Anthofer Judith Maria, Steib Kathrin, Lange Max, Rothenfusser Eva, Fellner Claudia, Brawanski Alexander, Schlaier Juergen
Department of Neurosurgery, Universitatsklinikum Regensburg Klinik und Poliklinik fur Neurochirurgie Ringgold Standard Institution, Regensburg, Germany.
Department of Neurosurgery, University Medical Center Regensburg, Regensburg, Germany.
J Neurol Surg A Cent Eur Neurosurg. 2017 Jul;78(4):350-357. doi: 10.1055/s-0036-1597894. Epub 2017 Mar 20.
Some patients under thalamic deep brain stimulation (DBS) for essential tremor (ET) experience habituation of tremor reduction. The nucleus ventralis intermedius (Vim) is the current main target side for ET in DBS. However, the dentatorubrothalamic tract (DRTT) is considered the relevant structure to stimulate. We investigated the distance between the active contact of the DBS electrode and the DRTT and compared this distance in patients with habituation of tremor reduction and good responders. In this retrospective study, we performed deterministic fiber tracking of the DRTT in 6 patients (12 hemispheres) with ET who underwent DBS in the Vim. We subsequently measured the distance between the active contact of the electrode and the ipsilateral DRTT in both hemispheres. The clinical tremor response of those 6 patients was analyzed accordingly. The distance between the active contact and the DRTT in patients with better and constant clinical tremor reduction was shorter (mean distance: 2.9 ± 2.2 mm standard deviation [SD]) than in patients who showed habituation of their response (mean distance: 6.1 ± 3.9 mm SD). After re-placement of a thalamic electrode inside the DRTT in one patient who experienced unsatisfying tremor reduction due to habituation of stimulation, the tremor alleviation was significant and persistent at a 13-month follow-up. This retrospective analysis suggests that recurrence of ET tremor under chronic DBS might be associated with a larger distance between the DRTT and the active lead contact, in comparison with the smaller distances in patients with persistently good tremor control.
一些接受丘脑深部脑刺激(DBS)治疗特发性震颤(ET)的患者会出现震颤减轻效果的适应性变化。腹中间核(Vim)是目前DBS治疗ET的主要靶点。然而,齿状红核丘脑束(DRTT)被认为是相关的刺激结构。
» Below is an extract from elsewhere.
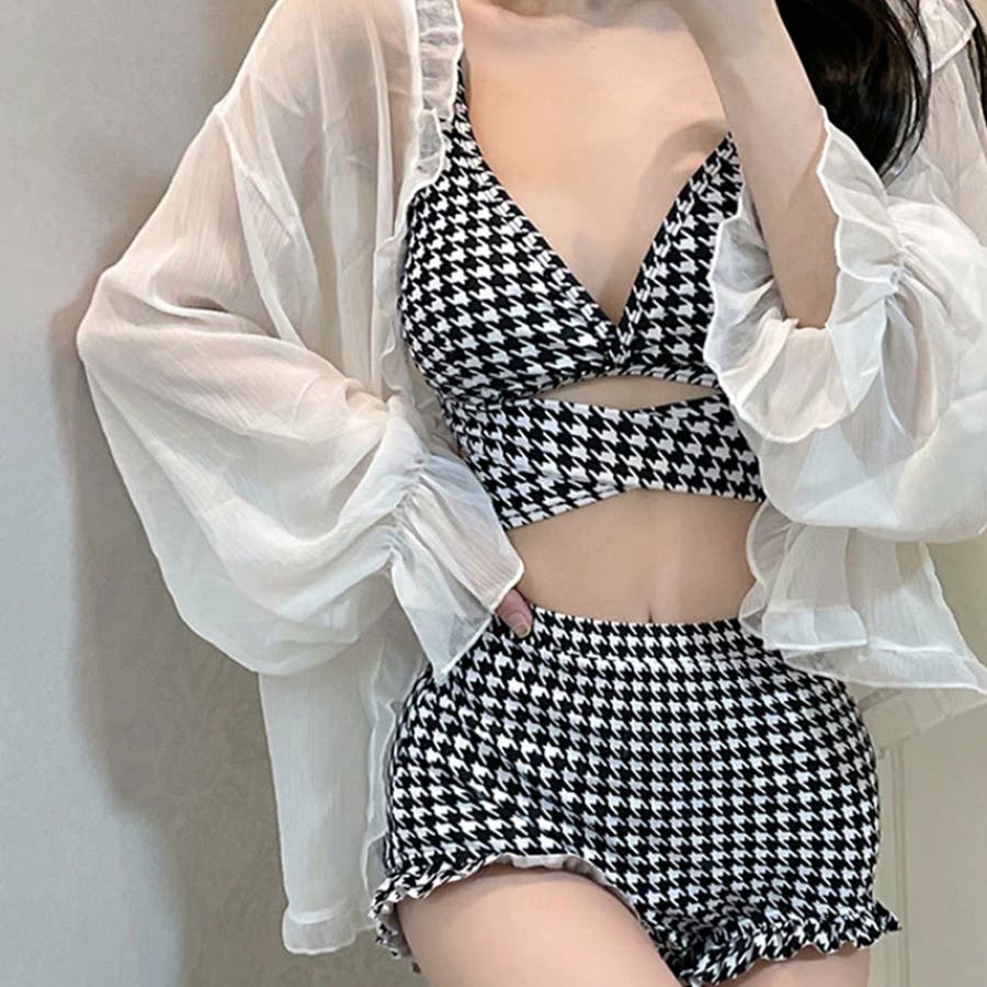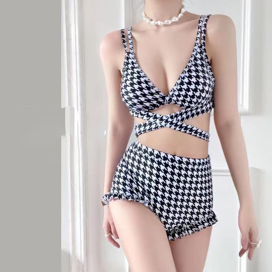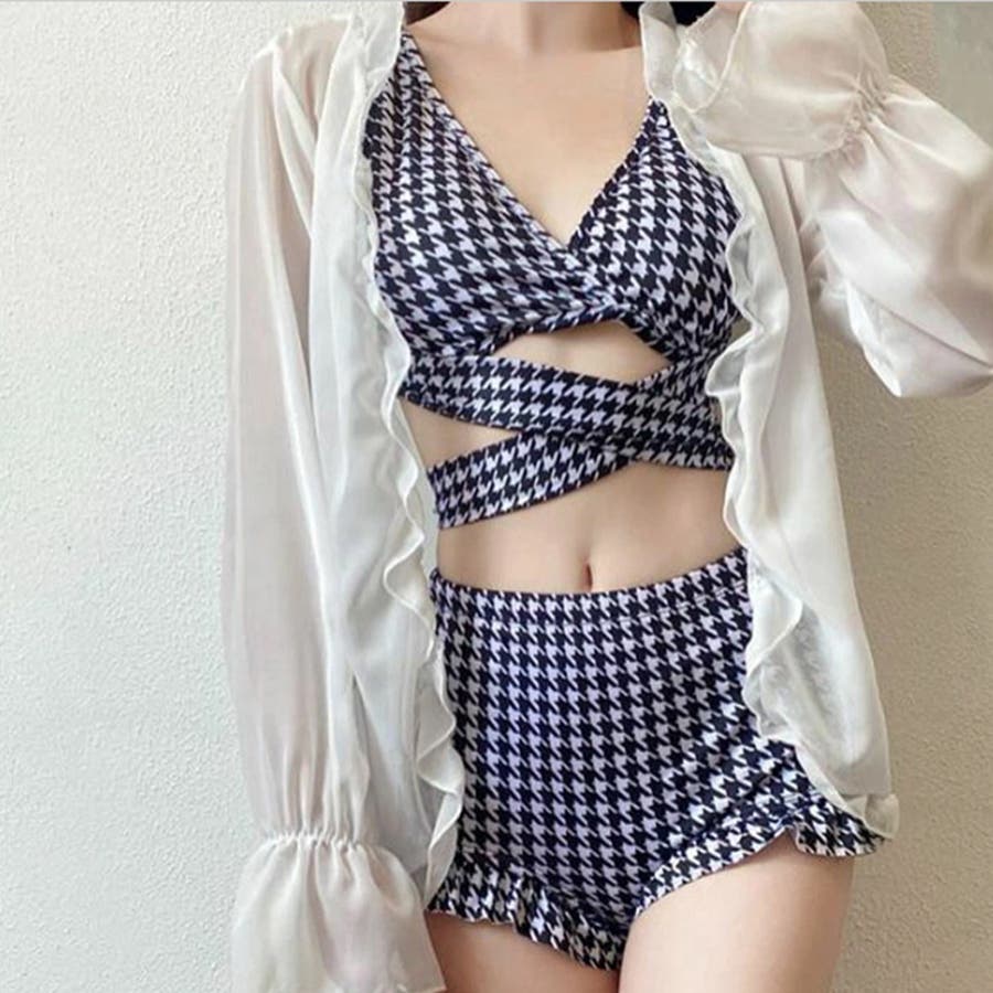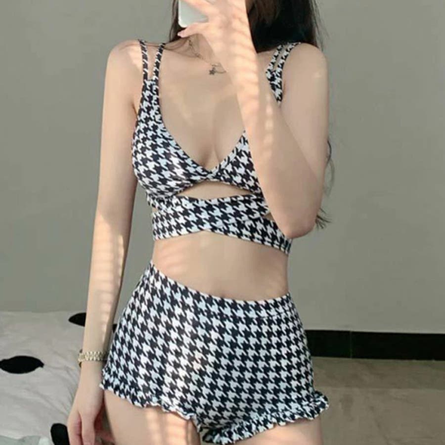 ゆるカワコーデ セクシー千鳥格柄スイムウェア ハイウエスト

我们研究了DBS电极的有效触点与DRTT之间的距离,并比较了震颤减轻效果出现适应性变化的患者和反应良好患者的这一距离。在这项回顾性研究中,我们对6例接受Vim区DBS治疗的ET患者(12个半球)进行了DRTT的确定性纤维束追踪。随后,我们测量了两个半球中电极有效触点与同侧DRTT之间的距离。并据此分析了这6例患者的临床震颤反应。临床震颤减轻效果较好且持续稳定的患者,其有效触点与DRTT之间的距离较短(平均距离:2.9±2.2毫米标准差[SD]),而反应出现适应性变化的患者该距离较长(平均距离:6.1±3.9毫米SD)。在1例因刺激适应性变化导致震颤减轻效果不佳的患者中,将丘脑电极重新放置在DRTT内后,震颤缓解效果显著且在13个月的随访中持续存在。这项回顾性分析表明,与震颤控制持续良好的患者相比,慢性DBS治疗下ET震颤复发可能与DRTT和有效导联触点之间的距离较大有关。